Je parle toujours de moi, dans mes BD. Si j’emploie cette forme épistolaire si étrange, c’est POUR QUE CA NE SE VOIT PAS TROP !
Tous les ans, au printemps, je m’en vais à St-Claude, dans les montagnes du Jura. Je reste là quatre mois. Tous les ans. Si je ne pouvais pas y aller, je mourrais. Je vais là pour travailler la BD, car pour cela, il me faut être vraiment seul. Cet appartement a appartenu autrefois à mon grand-père. Il était fabricant de pipes. A St-Claude TOUT LE MONDE était fabricant de pipes. Dans le grenier de cette maison, il y a encore deux tonnes de pipes. Et dans son vieux bureau, j’ai trouvé des registres de comptes, entoilés de noir, très beaux, très anciens, dont l’un était vierge. C’est sur ce registre que j’écris, que je prends des notes pour mes bandes… Que je mets les textes définitifs… C’est pourquoi ma pratique de la BD est de l’ordre du « registre »…

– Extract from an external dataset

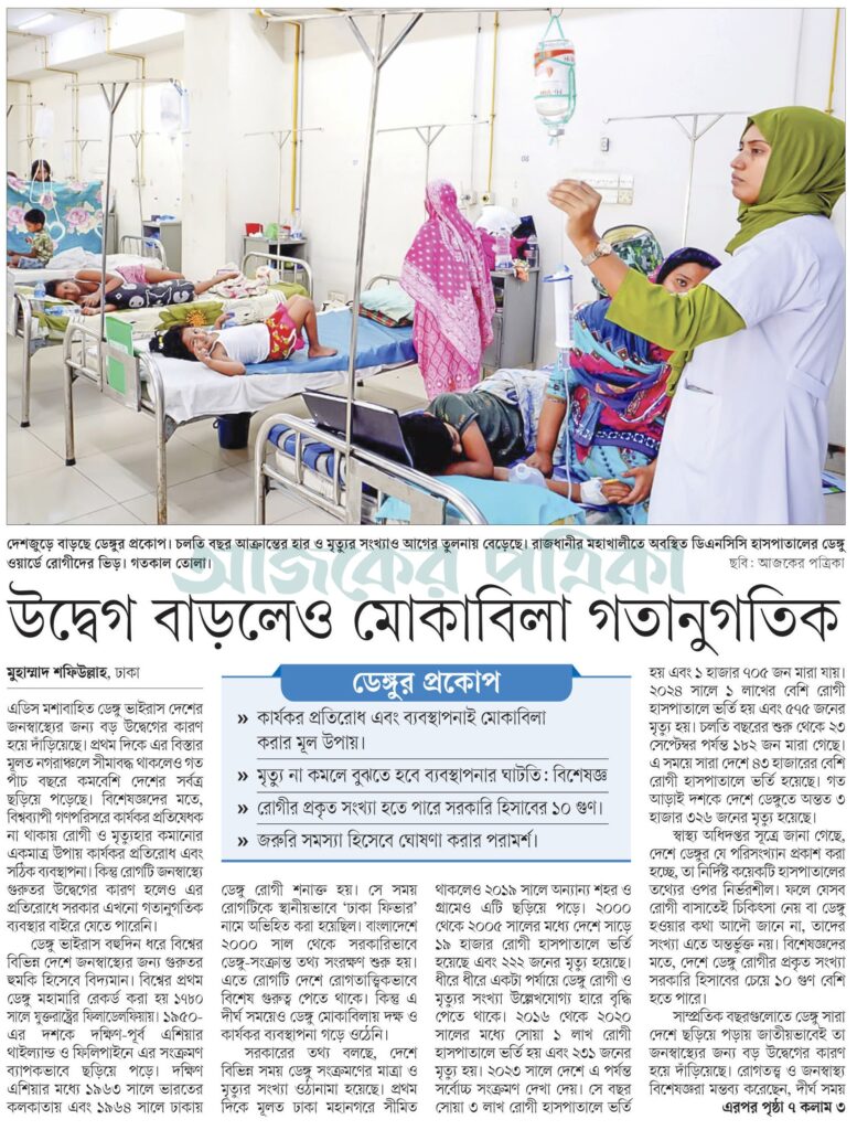 এডিস মশাবাহিত ডেঙ্গু ভাইরাস দেশের জনস্বাস্থ্যের জন্য বড় উদ্বেগের কারণ হয়ে দাঁড়িয়েছে। প্রথম দিকে এর বিস্তার মূলত নগরাঞ্চলে সীমাবদ্ধ থাকলেও গত পাঁচ বছরে কম-বেশি দেশের সর্বত্র ছড়িয়ে পড়েছে। বিশেষজ্ঞদের মতে, বিশ্বব্যাপী গণপরিসরে কার্যকর প্রতিষেধক না থাকায় রোগী ও মৃত্যুহার কমানোর একমাত্র উপায় কার্যকর প্রতিরোধ এবং সঠিক ব্যবস্থাপনা। কিন্তু রোগটি জনস্বাস্থ্যে গুরুতর উদ্বেগের কারণ হলেও এর প্রতিরোধে সরকার এখনো গতানুগতিক ব্যবস্থার বাইরে যেতে পারেনি।

- Mais comment faites-vous pour rester seul pendant quatre mois ? SANS VOIR -PERSONNE !
- Oh ! Mon Dieu !
- Ca ne vous manque donc pas, de ne pas voir des GENS ?
- Oh ! Seigneur !
- Moi, je deviendrais FOU !
- OOOOOH ! MOI AUSSIIII ! Je chante sous la douche, et parfois même QUAND JE NE SUIS PAS SOUS LA DOUCHE ! Je m’endors DEVANT LA TELE ! Je me lève à cinq heures du matin ! POUR LIRE !
- Je… Eh bien ! Je cr…crois qu’il est temps de nous quitter, ahem ! Pas vrai ? Je… Je vais vous laisser travailler… Eh bien ! Heu… Au revoir !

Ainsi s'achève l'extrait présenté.